Tax Credit Gov

Tax Credit Gov

The Obama administration’s “Making Home Affordable” Program has been in the headlines since its announcement in early March. Attending to both refinancing and loan modifications, the program gives struggling homeowners additional options as they decide on the best options to lower their mortgage obligations, catch up on payments, and stay out of foreclosure. The program has also raised a lot of questions, so here are some of the more frequent ones being asked around the internet.

Q) Which lenders are offering the program?

A) The program was implemented first at FNMA and FHLMC and is expected to roll out to lenders across the country over the next several months. Lenders participation is voluntary unless they accepted FSA/TARP (bank bailout) funds. Those lenders will be required to offer refi’s and loan modifications under the program’s guidelines.

Q) Is there a limit on the size of the mortgage that can either be refinanced or modified?

A) A mortgage must be $797,000 or less to be eligible.

Q) Will a loan modification or refinance hurt my credit score?

A) Credit scores under the program won’t be affected as the homeowner’s mortgage is essentially being re-written. However, circumstances related to either refinancing or modifying could have an effect. For instance, missed payments leading to a modification would definitely hurt a credit score. On the upside, lower mortgage payments could give a homeowner the opportunity to pay down other debts, resulting in a better credit score over time. 

Q) Is it possible that my mortgage payments could actually go up?

A) It’s possible. Homeowners still in the “teaser rate” phase of their mortgage are one group that could see an increase. The program’s base rate of 2% and caps on the ratio of mortgage payments to income should mitigate the increase. Another group of homeowners that would be very likely to see a payment increase is the one with negative amortization loans. Re-working those mortgages into amortizing loans could raise payments significantly. Despite the potential of increased payment obligations under either option, it could still make sense to refi or modify if the change results in a “lesser of two evils” scenario where payments go up but as much as if the homeowner does nothing. Payments can be gauged at the government’s web site at http://www.makinghomeaffordable.gov

Q) Does the program expire?

A) Yes. The Making Home Affordable program expires on June 10, 2010, which gives homeowners, especially those mentioned in the situations in the previous question, some time to sit on their lower payment schedule before adjusting upward. 
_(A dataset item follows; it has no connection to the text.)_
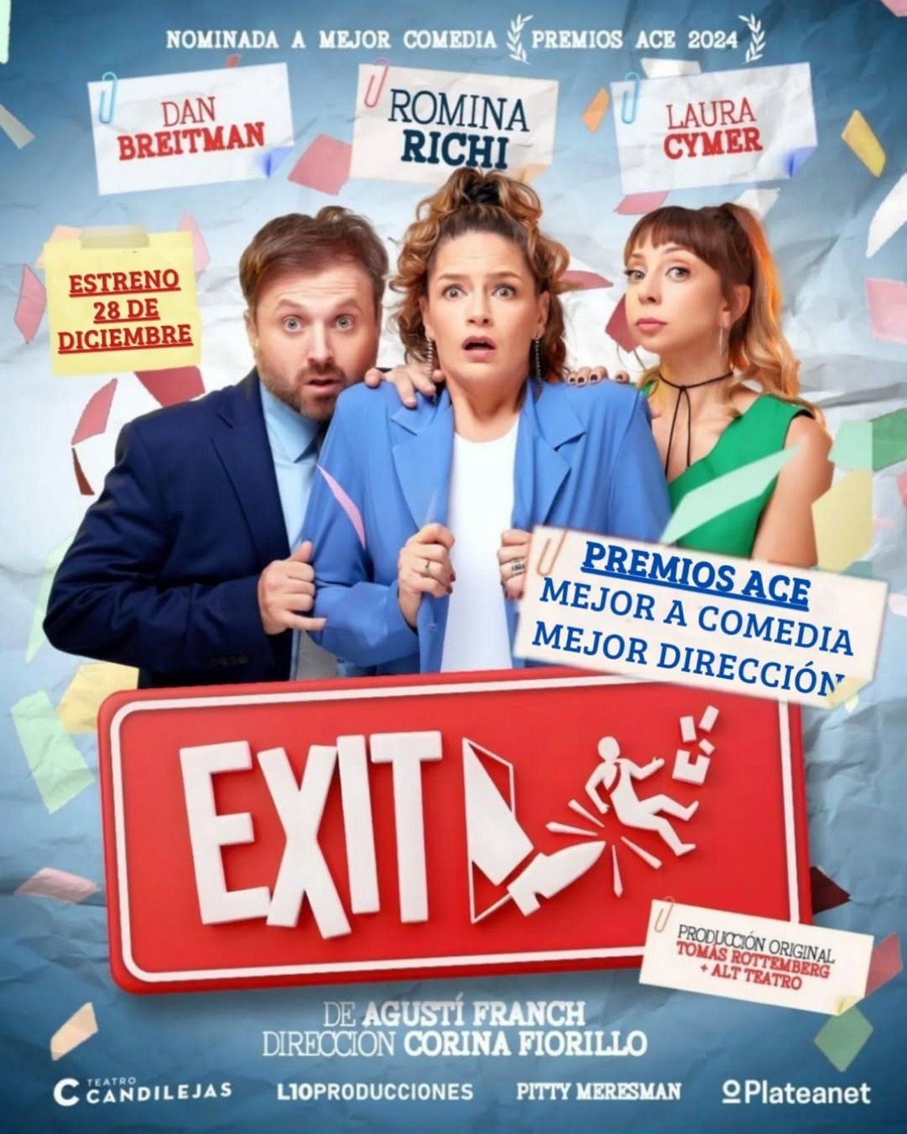 "Exit" cuenta en Carlos Paz con la producción de L10 Producciones y Pitty Meresman. Las funciones son de martes a domingo a las 22:30 horas, “Exit” se perfila como uno de los éxitos del verano en las sierras cordobesas. Las entradas ya están disponibles en Planetanet.com, en la boletería del teatro y en 9 de Julio 31. Una comedia apta para toda la familia que asegura 80 minutos de risas y diversión sin pausa.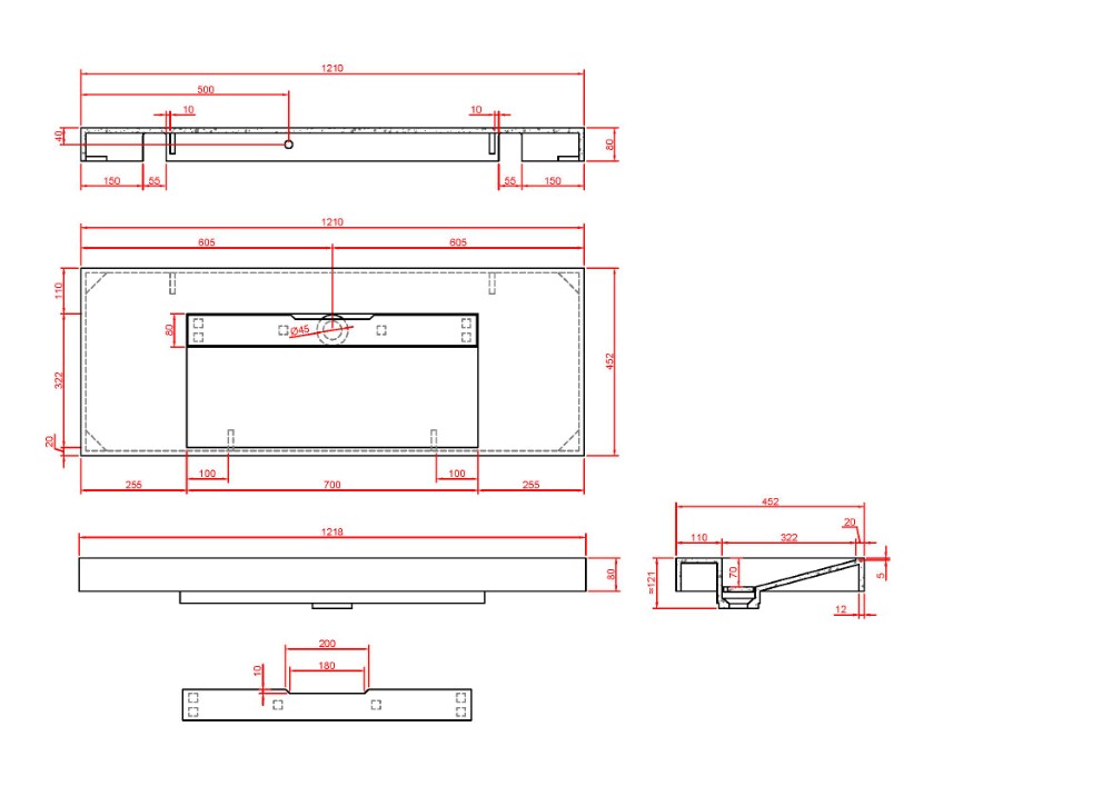 1210 x 452 x 80 мм. |

Q) Can I do a refinance or loan modification on my own?

A) A qualified yes. Either can be done as a “do it yourself” but there are many issues to consider. One issue is simply the time involved in getting the project completed. Lender’s hours of operation are typically very similar to those of people working a regular 9 to 5 schedule. If a homeowner can’t put time in to the project during work hours it will require time over lunch and after work, if that’s possible at all. A do it yourselfer should allow for plenty of time to learn about each process, phone/hold time with the lender, and for paperwork. The second issue is that a refinance or loan modification is still a negotiation. Hiring an attorney to wring out the best terms possible could make the fees involved a very worthwhile investment.